First-home buyers grab photo op

America’s young home buyers are reportedly rushing out to hire a professional photographer to ‘craft elaborate photo shoots in or outside a first home’. Could it catch on here?

Pinterest shows a few different shoot styles and ideas. Source: Pinterest

The Wall Street Journal‘s Emily Glazer has looked into this quirky new niche of portraiture that’s driven by a desire for social media Likes and Shares.

Apparently Gen Y represents the largest segment of the US first-home buyer market, and they want cutesy photos with props like a ‘Sold’ sign, love heart symbols shaped by their hands, dangling keys, dancing in bedrooms, and piggyback riding through the front door.

It makes some sense, Glazer observes. Spending hundreds of thousands of dollars on a property, likely the most money the buyer has ever spent, is a major life event – along with birth, marriage, family events and so on.

Them Millennials love broadcasting everything – if no photo documents it, did it really even happen?

Since houses cost way more than most weddings, hiring a professional photographer to shoot the event has a kind of logic to it.

US real estate agents interviewed for the WSJ article say it’s a growing trend for first home buyers to ask for photos. Some reckon they’re getting pretty good at snapping a few shots, too.

‘Although they are intentionally sharing news of their purchase, some buyers are surprised by the attention they get,’ Glazer writes. ‘Home buyer Nicole Salas, 28, her husband Jay, 27, and their younger son posed for pictures with a custom toolbox at the title-insurance company where their closing took place.
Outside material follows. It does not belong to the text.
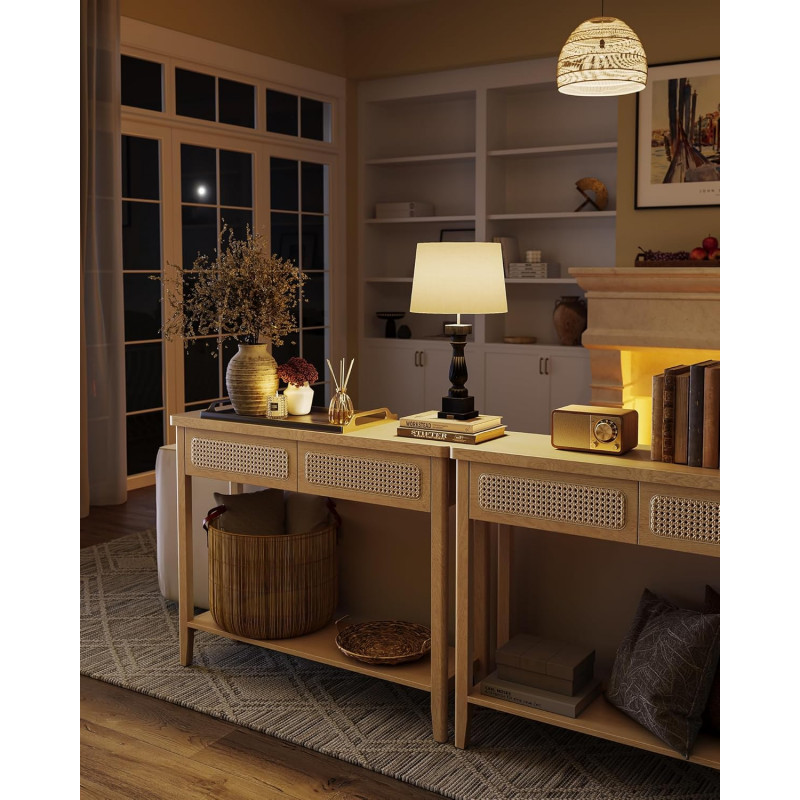 Scurta descriere: Consola VASAGLE este ideala pentru spatiile moderne sau boho, combinand designul natural cu functionalitatea. Cu 2 sertare cu fronturi din ratan PVC, un raft inferior si un blat spatios, ofera solutii eficiente de depozitare pentru obiectele zilnice sau decoratiuni. Finisajul in nuanta bej stejar si colturile rotunjite adauga caldura si rafinament in orice incapere.

‘After their real-estate agent posted the photo in July, 550 people liked it. “I noticed a lot of people had commented, so I was like ‘Do these people know us?’” Ms Salas said.
Blair Pomeroy and her husband, Matt, had a photo shoot in 2015 showcasing their new home in Florence, Ky.’

Images of first-home buyer shoots are sprinkled liberally through the social media photo sharing platform, Pinterest.

Should housing become more affordable in Australia, and Millennials stop gorging on smashed avo, maybe the growing US trend will emerge here.